Year 44: Now Departing
Twenty years is a long time to spend in a stasis largely of one’s own making. But by my account, that’s about how long it’s been since I tried to do something with my life beyond “exist”. Day after day, I’ve spent my life repeating the same cycles with the same actions and the same ways of thinking that have kept me locked in a loop.
A couple of months ago, I was reading Creative Quest by Questlove (thanks to my local library!), and one specific chapter hit me a little harder than the others: “The Departure”. I’ll quote the opening paragraphs here; emphasis is mine:
Creative people have specialties. But they also have restlessness. That’s part of the paradox: how do you keep your talent sharp while still exploring ways to expand your talent? How do you keep doing the thing that you’ve been doing while also doing other things?

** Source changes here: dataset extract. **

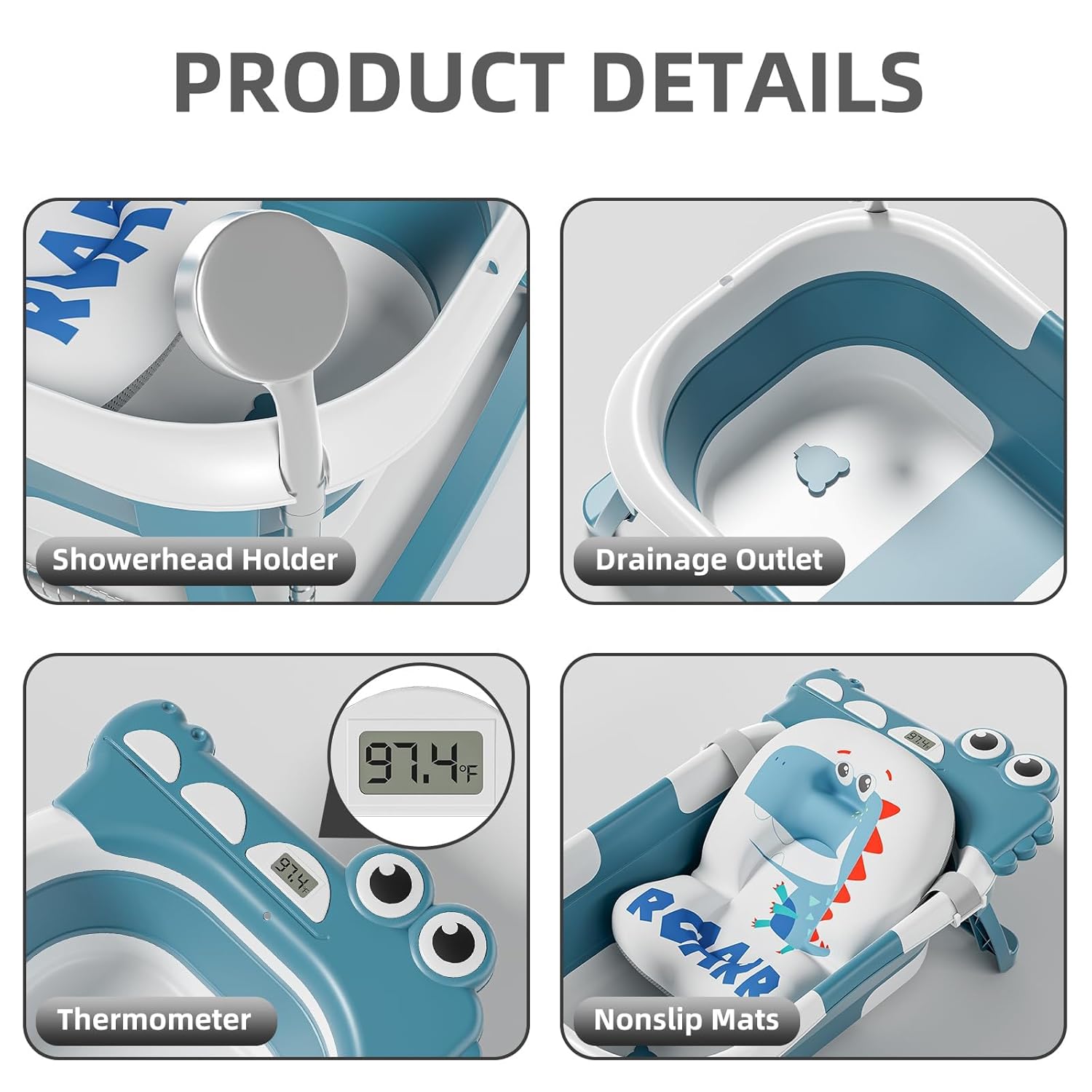 - Visible Real-time Temperature Monitoring: The travel-friendly baby bathtub is equipped with a real-time temperature sensor, offering instant reminders to prevent scalding or exposure to cold water. The wrap-around temperature lock system ensures accurate monitoring, making it a versatile choice for use in bathrooms, homes, during travel, or camping.

The answer, at least as far as I can tell, is a version of the principle I outlined in the section on micro-meditation. The trick there was to simultaneously be present and be absent, to immerse yourself in the moment but attain a state of mind that momentarily suspends you and takes you away from the task at hand. There’s a broader, less internal version of this same strategy, and that’s something I’ll call “the departure.” Make an effort to make your life different. It’s the only way that it will stay the same in terms of creative inspiration and creative energy. Meditation helps you switch the channel when it comes to what is moving through you. The departure helps you switch the channel when it comes to how you are moving through the world.
In years past, I’ve tried a little thing where I picked a word to “define” the approach I take with the next year of my life. I’ve failed miserably at keeping true to that challenge, mostly because I keep looping back into the same cycles and systems after an initial effort to change. But that one word — departure — kept me thinking for days after I finished Creative Quest. (Excellent book, by the way. I’d recommend it for people who want a good perspective on creativity.)
In the days-and-weeks that followed, I kept thinking back to that word and the concept Questlove describes. That word sticking in my head got me thinking about my plans for at least a good chunk of the next year of my life. To that end, I’ve chosen departure as the theme word for my next year of life.
What that means in theory is simple: I must depart from old systems and cycles. I have to change how I think, how I act, and how I feel about how I think and act. Nothing will change in my life until I decide to enact that change. That decision begins today, on my 43rd birthday.
What that means in practice is a far harder bargain with myself: I have to give up things that have kept me in comfortable stasis for two decades.
The Internet in general makes for a good starting point. I’ve spent too much time over the past two-plus decades of my life glued to a “black mirror”, rushing from one site to the next and refreshing endlessly out of FOMO. Social media didn’t make things better when I was still a major user of Twitter and the like. Replacing Twitter with Discord and frequenting video/livestreaming sites like Twitch haven’t helped, either. To break that cycle, I have to “depart” from the Internet at large. Starting today, I will “depart” from my usual roundup of sites/services by blocking…well, pretty much all of them. (I can still keep Twitch streams on in the background through my TV, at least.) This self-imposed sabbatical will last for at least one month; I may extend it depending on how I feel after that month.
Other systems and cycles will follow soon after that. My diet is trash to an absurd degree, so I’ll need to “depart” from my comfort foods and try more new stuff. I barely exercise due to the shape my knees are in; to that end, I’ll look for exercises I can do to work around that limitation. Creativity is the throughline of Creative Quest, and I’ve been mostly “departed” from creative endeavours for far too long — writing, yes, but also art that’s either hand-drawn or pixelled — so that, too, will change.
“Departure” from a comfortable way of living will hurt. It won’t be fun or easy. It won’t produce instant results. The process will take more time than I’d like, especially given how much time I’ve wasted avoiding the process. This will be a test of patience, focus, and determination. I will either make myself a better person or fail miserably in the attempt. Either way, this is the first step of that departure, and I take it without hesitation.